Could you print the stretch of lines below from the one with "وكشفت وزارة الصحة" through the one with "Financial Planning: What", exactly as they stand and without any pictures?

▶ [Records from a data collection]:
===
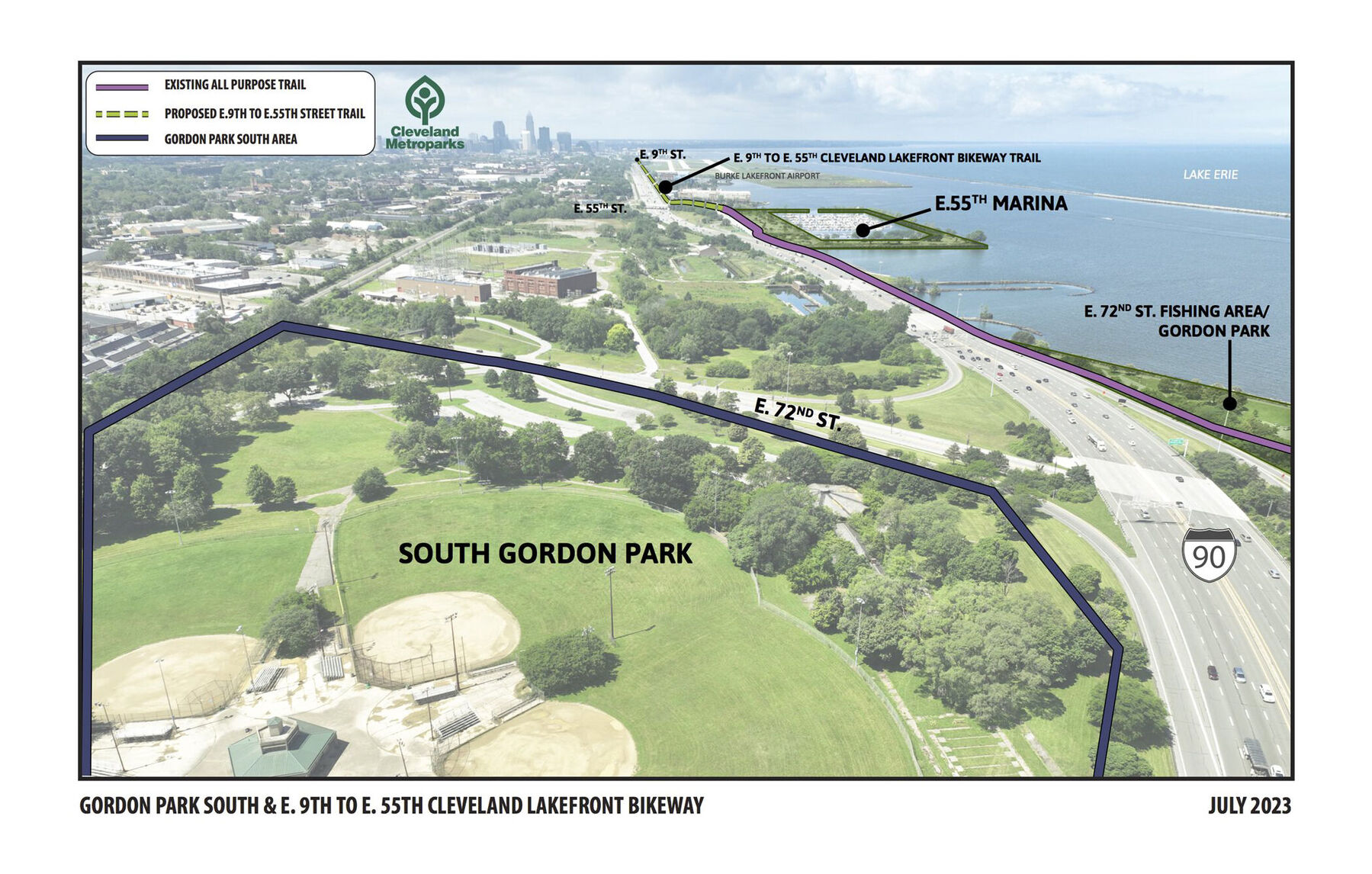 Cleveland Metroparks was awarded a $13 million grant from the Mandel Foundation to transform Cleveland’s east side lakefront. $5 million will help fund the construction of the Downtown Connector Trail portion of the Cleveland Lakefront Bikeway, which currently exists from East 55th Street to MLK, Jr. Boulevard. The new Downtown Connector Trail, which will run from East 9th to East 55th Street, will provide safe access to the lakefront for pedestrians traveling on foot or bicycle and will connect to the existing trail, linking the Downtown and University Circle neighborhoods. $8 million will fund the creation of a new Gordon Park Reservation, combining North and South Gordon Parks as one public greenspace under Cleveland Metroparks management. The vision is a cohesive lakefront park, connecting the neighborhoods of St. Clair Superior and Glenville to Lake Erie and activating the entire Gordon Park with a variety of active and passive recreational amenities.
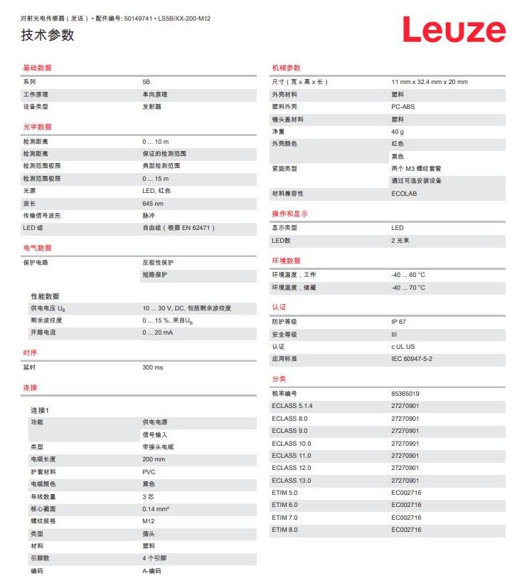 瑞士Leuze劳易测 对射式光电传感器LS5B/XX-200-M12产品详情:
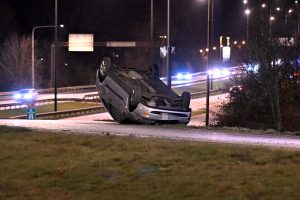 Trafikolycka smitning på påfarten till Inre Ringvägen från E65-an i kväll vid 19.40-tiden. När polis och räddningstjänst kom fram låg en bil på taket men bilföraren hade smitit från platsen. Polis och räddningstjänst stängde av vägen i väntan på bärgningsbil.
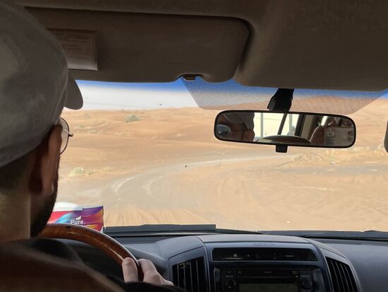 Nachdem meine beiden Reisebegleiter von ihrer Quadtour zurückkommen, geht es weiter. Wir haben die Strasse verlassen, fahren in die Wüste. Inzwischen sind wir ien kleiner Konvoi von drei Fahrzeugen. Und jetzt verstehe ich auch, warum diese Überrollbügel haben. Wir fahren eine Düne hinauf, sind einen kleinen Moment oben auf der Krete, bevor es auf der anderen Seite steil wieder hinuntergeht. Dabei kommt der Wagen gefährlich in Schräglage. Das kann man vor allem am Wagen vor uns gut sehen und auf hier im Auto schüttelt es schon ganz bedenklich.
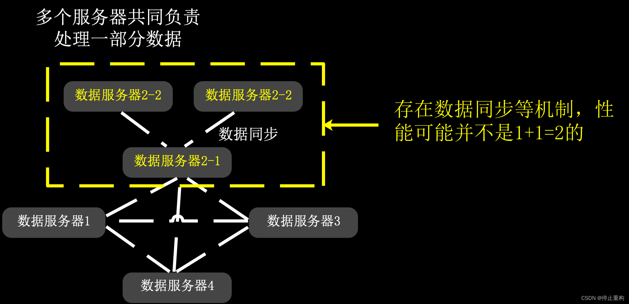 即使是多台服务器同时负责一部分数据的集群方案,也会由于数据同步等机制,以至于集群的性能可能没有想象中高。
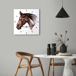 - Questo orologio da parete 30x30 cm, realizzato in vetro resistente, presenta un ritratto di cavallo in stile artistico su uno sfondo chiaro. Perfetto per interni eleganti e minimalisti.
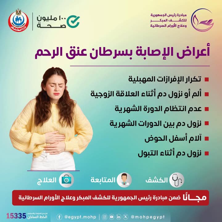 وكشفت وزارة الصحة عن أهم أعراض الإصابة بسرطان عنق الرحم منها:
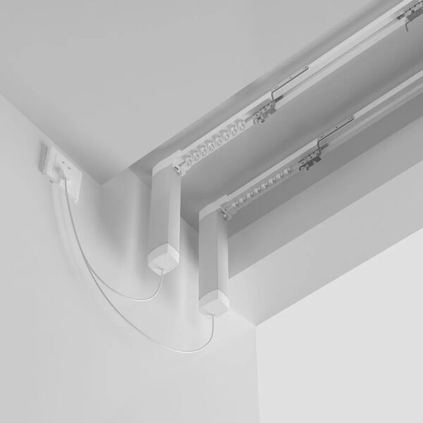 Профильный карниз в сборе совместимый с приводом Aqara (приводом не комплектуется). Раздвижка от центра. С концевыми блоками. Привод справа. Однорядный тип карниза. Грузоподъемность 50 кг.
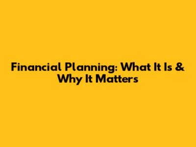 Financial Planning: What It Is & Why It Matters
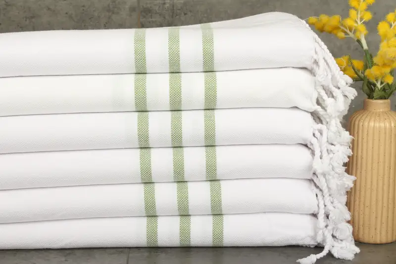 Turkish Towels, characterized by their superior quality, are meticulously crafted from 100% organic cotton or recycled cotton, ensuring hypoallergenic properties and enhanced durability. Each towel's fiber composition results in a weight of 100 grams and dimensions of 40x24 inches (60x100 centimeters). The towels are hand-woven, allowing for a tolerance of 1-2.5 cm in dimensions.
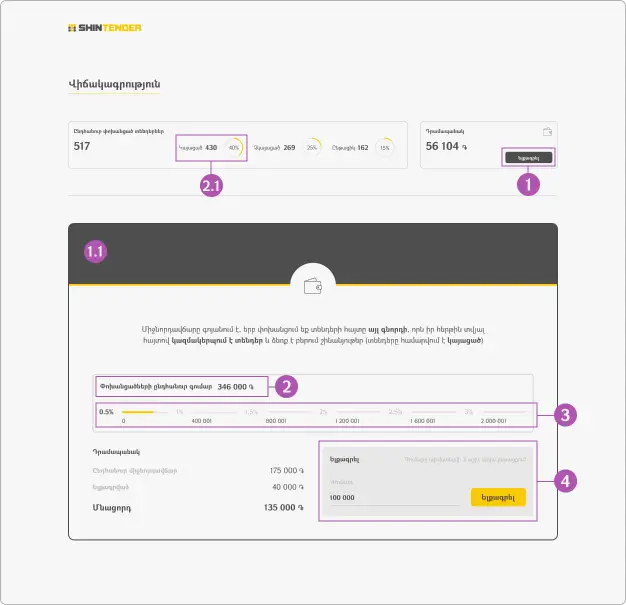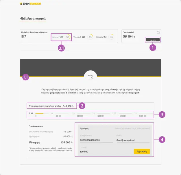 Այն փոխանցված տենդերների կայացած գործարքների արժեքից ձևավորվող միջնորդավճարների կուտակային հաշիվ է։
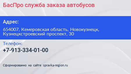 БасПро, служба заказа автобусов по адресу 654007, Кемеровская область, Новокузнецк, Кузнецкстроевский проспект, 30 в дальнейшем Организация, размещена в следующих категориях:
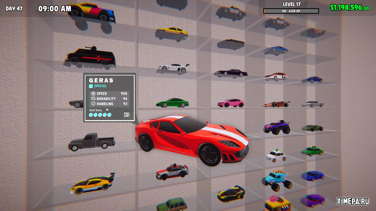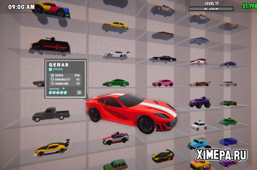 Кроме того, каждый автомобиль можно не только хранить или продавать, но и выпускать на миниатюрную трассу прямо в магазине. Гонки проходят с использованием специальных карточек навыков, которые добавляют элементы стратегии: ловушки, ускорения, блокировки. Игрок может сам участвовать в заездах или сдавать трассу клиентам за плату. Это оживляет магазин и приносит дополнительный доход.
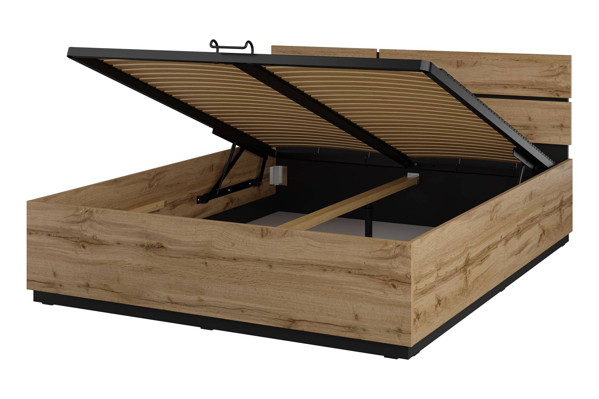 Cross S - Łóżko z Pojemnikiem i Stelażem 160 cm Dąb Wotan Czarny Onyks Mat
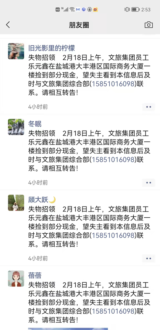 “看到微信朋友圈滿屏的失物招領(lǐng)信息,我才發(fā)現(xiàn)原來是我自己的錢丟了,真是太感謝了?!边@是近日,一位在大豐港區(qū)成功通過微信朋友圈找回丟失現(xiàn)金的失主發(fā)出的感慨。
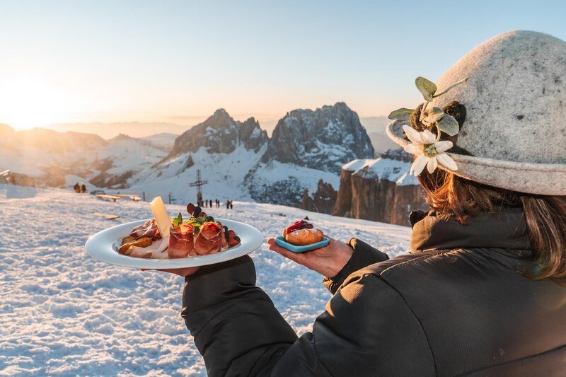 When the snow falls, the Ladin Dolomites reflect the spotlight, and you're the star! The spectacle begins at dawn; enjoy a sumptuous high-altitude breakfast and ski the freshly groomed slopes before the world wakes up. Then, when the sun is high in the sky and reflected in the snow, music starts up that makes you dance even with your skis on. And sunsets are the colour of fire when the Alpenglow illuminates the world's most beautiful mountains with lava-like reflections as you experience the most authentic Ladin vibes. And if you love watching the snow as it falls or when it has just sprinkled its enchantment on village roofs, the valley's folk traditions beckon and invite you to join in the dancing, games and fun. Experiences to grasp – dates to mark in your diary!
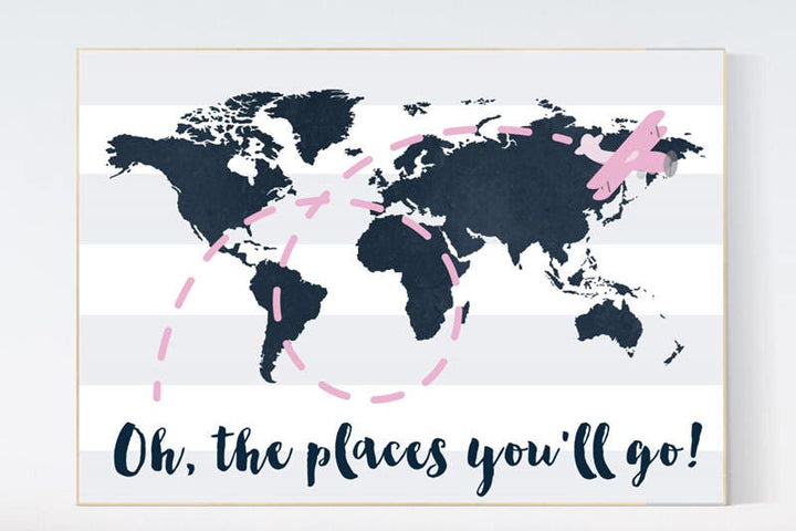 Nursery decor navy and pink, Oh the places you'll go, navy pink wall art, pink navy decor, travel nursery, nursery decor, world map nursery,
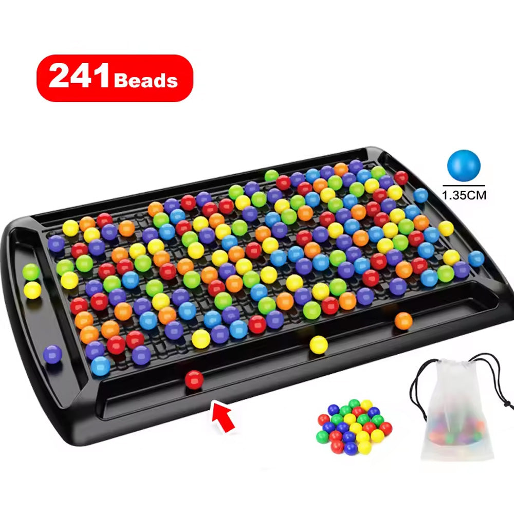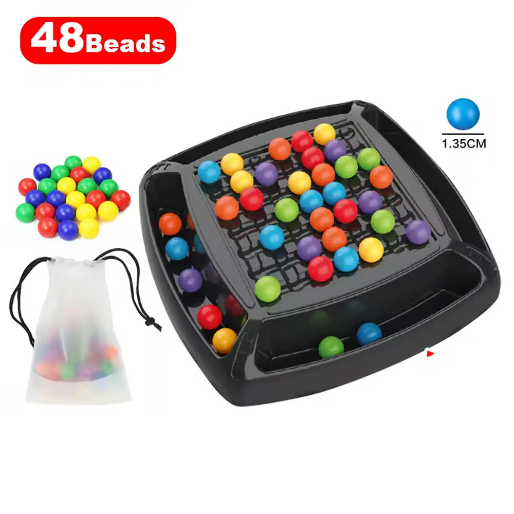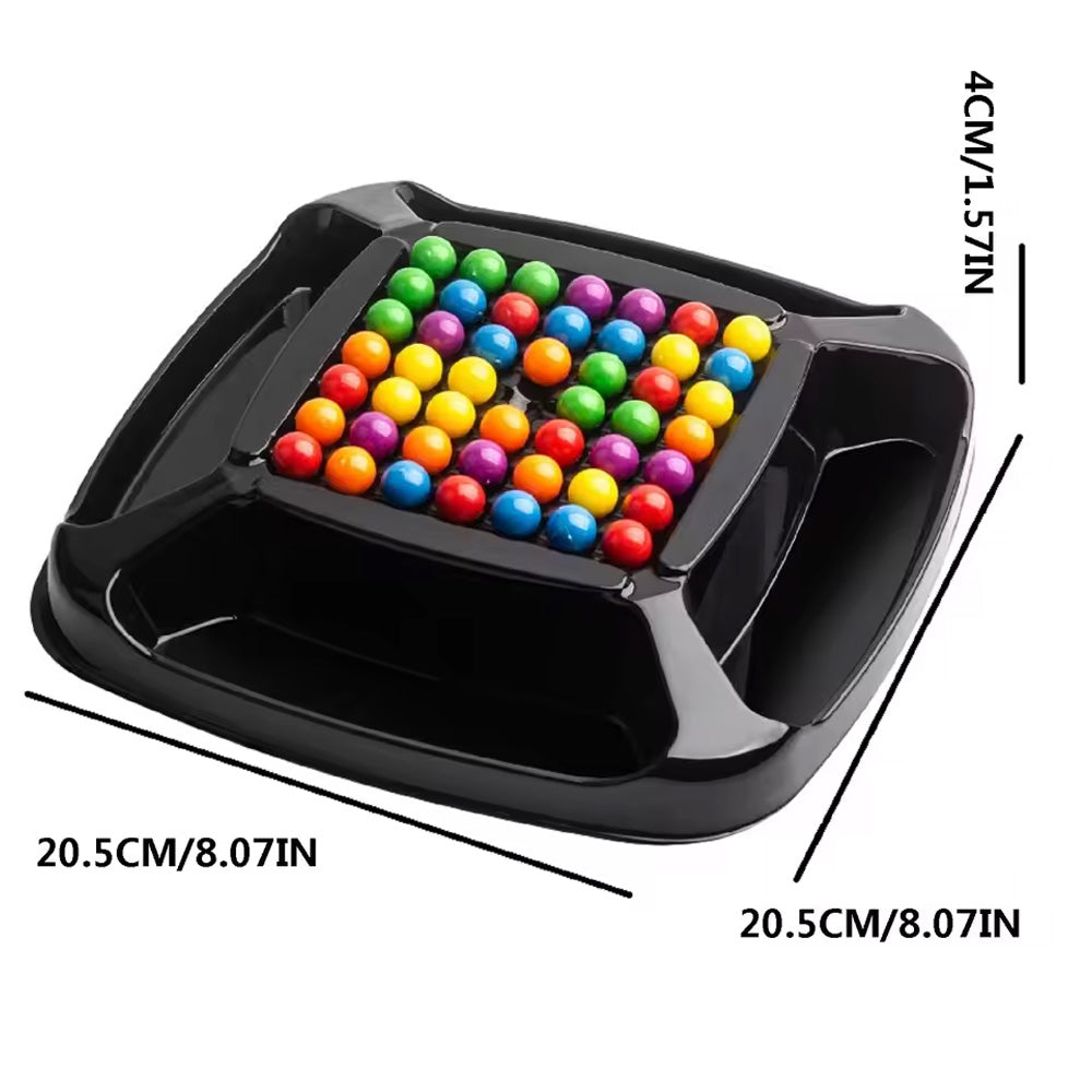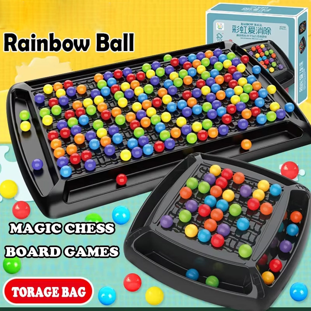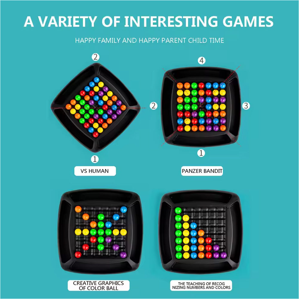 لعبة الشطرنج السحرية بكرات قوس قزح: تقضي لعبة قوس قزح هذه على الكرات من نفس اللون عن طريق تحريك صف من الكرات الملونة. فكر بسرعة في كيفية الحصول على المزيد من الكرات. العدد الموصى به: مناسب للعب من 2 إلى 4 أشخاص. يمكن للاعبين تخصيص قواعد اللعبة أو اتباع القواعد الموجودة في التعليمات. كيف تحصل على المزيد من الكرات؟ أو كيف تحصل على درجة أعلى. لعبة لوحة قوس قزح: يمكن لهذه اللعبة اللوحية أن تنمي قدرة الأطفال على التفكير المنطقي، وتعزز خيالهم، وتحسن التعرف على الألوان وتصنيفها. الأنشطة العائلية: مناسبة جدًا لألعاب الوالدين والطفل. يمكن للوالدين مرافقة أطفالهم للعب معًا ومشاهدة نموهم في عملية الألعاب. تجنب ابتلاع حبات قوس قزح: يجب على الأطفال استخدامها تحت إشراف البالغين. المادة: بلاستيك ABS العمر الموصى به: الأطفال فوق 3 سنوات التعليمات 1. يمكن للخرز أن يتحرك عموديًا أو أفقيًا فقط لتعزيز نمو الخرز. ابحث عن نفس ألوان الخرز المجاور. على سبيل المثال، يجب أن تتوقف العوائق أو الحواف أمام الخرز على الفور. 2. تحرك للعثور على الخرز من نفس اللون وأعطه لنفسك. اسحب خرزتين لتحصل على 5 نقاط، 3 خرزات لتحصل على 10 نقاط، 4 خرزات لتحصل على 15 نقطة، وهكذا. بعد إزالة الخرزات، يمكنك إزالتها. احصل على أكثر مما تربح. نصيحة: يحتوي هذا المربع على قواعد اللعبة للرجوع إليها. يمكنك أيضًا تخصيص القواعد لفتح ألعاب أخرى.
===
▶ [Solved exercise]:
 وكشفت وزارة الصحة عن أهم أعراض الإصابة بسرطان عنق الرحم منها:
 Профильный карниз в сборе совместимый с приводом Aqara (приводом не комплектуется). Раздвижка от центра. С концевыми блоками. Привод справа. Однорядный тип карниза. Грузоподъемность 50 кг.
 Financial Planning: What It Is & Why It Matters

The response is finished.